---
title: Shopify Store Audit
emoji: 🛒
colorFrom: green
colorTo: blue
sdk: docker
app_port: 8000
tags:
  - openenv
---

# Shopify Store Audit & Remediation — OpenEnv Environment

Train AI agents to find and fix real e-commerce store issues through the Shopify Admin API.

## Motivation

Store auditing is a **$5K–$15K consulting service** that Shopify merchants regularly pay for. Every store accumulates issues: missing product descriptions, broken pricing, SEO gaps, inventory discrepancies, empty collections, stuck orders.

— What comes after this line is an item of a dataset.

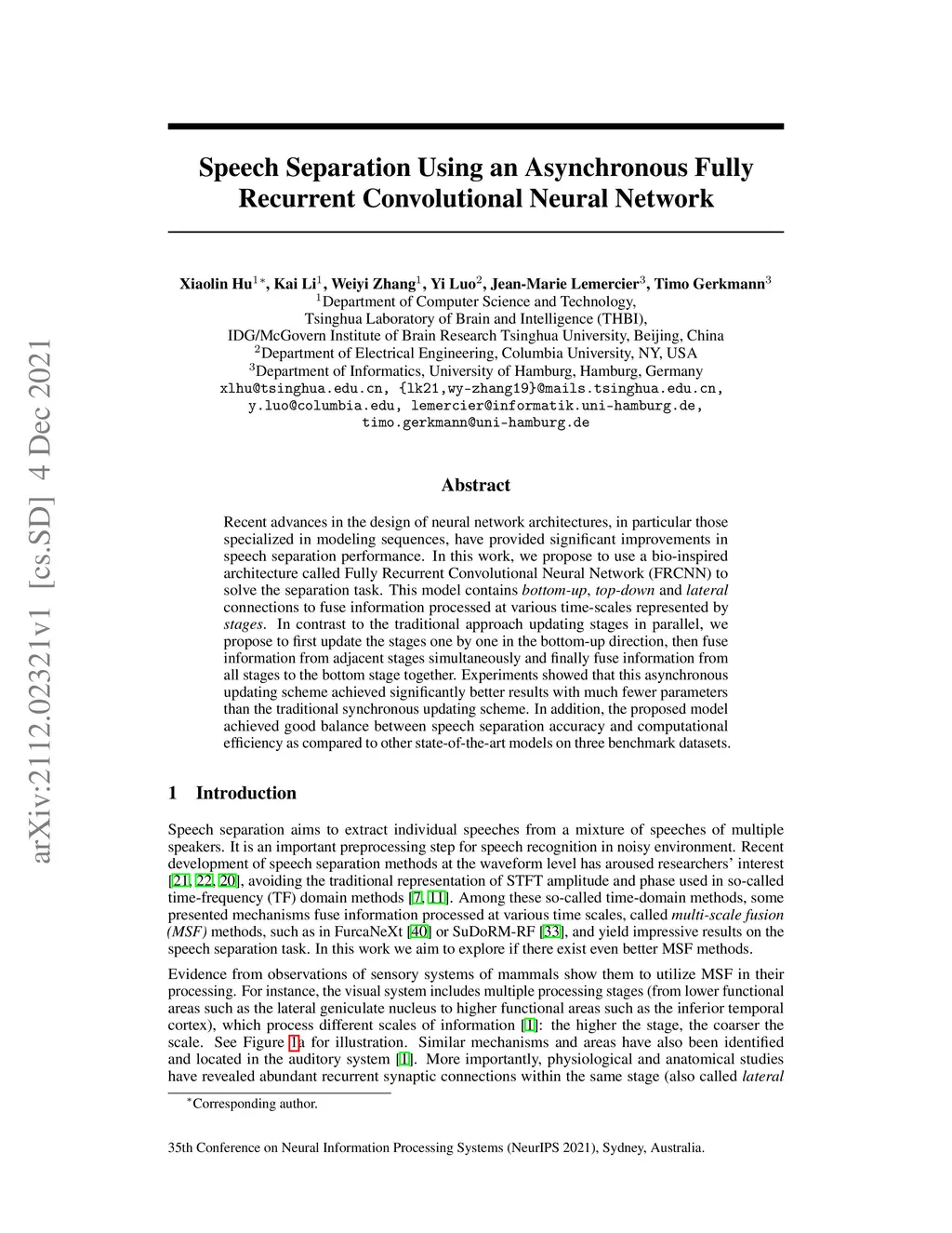 Recent advances in the design of neural network architectures, in particular those specialized in modeling sequences, have provided significant improvements in speech separation performance. In this work, we propose to use a bio-inspired architecture called Fully Recurrent Convolutional Neural Network (FRCNN) to solve the separation task. This model contains bottom-up, top-down and lateral connections to fuse information processed at various time-scales represented by \textit{stages}. In contrast to the traditional approach updating stages in parallel, we propose to first update the stages one by one in the bottom-up direction, then fuse information from adjacent stages simultaneously and finally fuse information from all stages to the bottom stage together. Experiments showed that this asynchronous updating scheme achieved significantly better results with much fewer parameters than the traditional synchronous updating scheme. In addition, the proposed model achieved good balance between speech separation accuracy and computational efficiency as compared to other state-of-the-art models on three benchmark datasets.

This environment uses **real Shopify product data** (45 products from actual CSV exports) and lets AI agents learn to diagnose and fix them through API operations that map 1:1 to Shopify Admin GraphQL mutations.

**Why this matters for the agent community:**
- **Real data** — 45 products loaded from real Shopify CSV exports (apparel + jewelry catalogs)
- **184 discoverable issues** — auto-scanned from real data quality gaps + synthetic injections
- **Randomised episodes** — different issues sampled each reset (seeded for reproducibility)
- **Shaped rewards** — discovery, partial fix, efficiency bonus, regression & repetition penalties
- **Genuine difficulty progression** — hint level scales from guided to fully autonomous exploration
- **18 API commands** mirroring real Shopify Admin GraphQL mutations

## How It Works

The environment loads real Shopify product exports (`apparel.csv`, `jewelery.csv`) containing 45 products across apparel, bags, footwear, jewelry, outdoor gear, and home goods. An `IssuePool` scans the catalog and discovers **real data quality issues** (0/45 products have SEO titles, 0/45 have image alt text, 20/20 jewelry products have no SKUs, plus handle typos and formatting artifacts). Synthetic issues (corrupted prices, draft products, negative inventory) are generated on top.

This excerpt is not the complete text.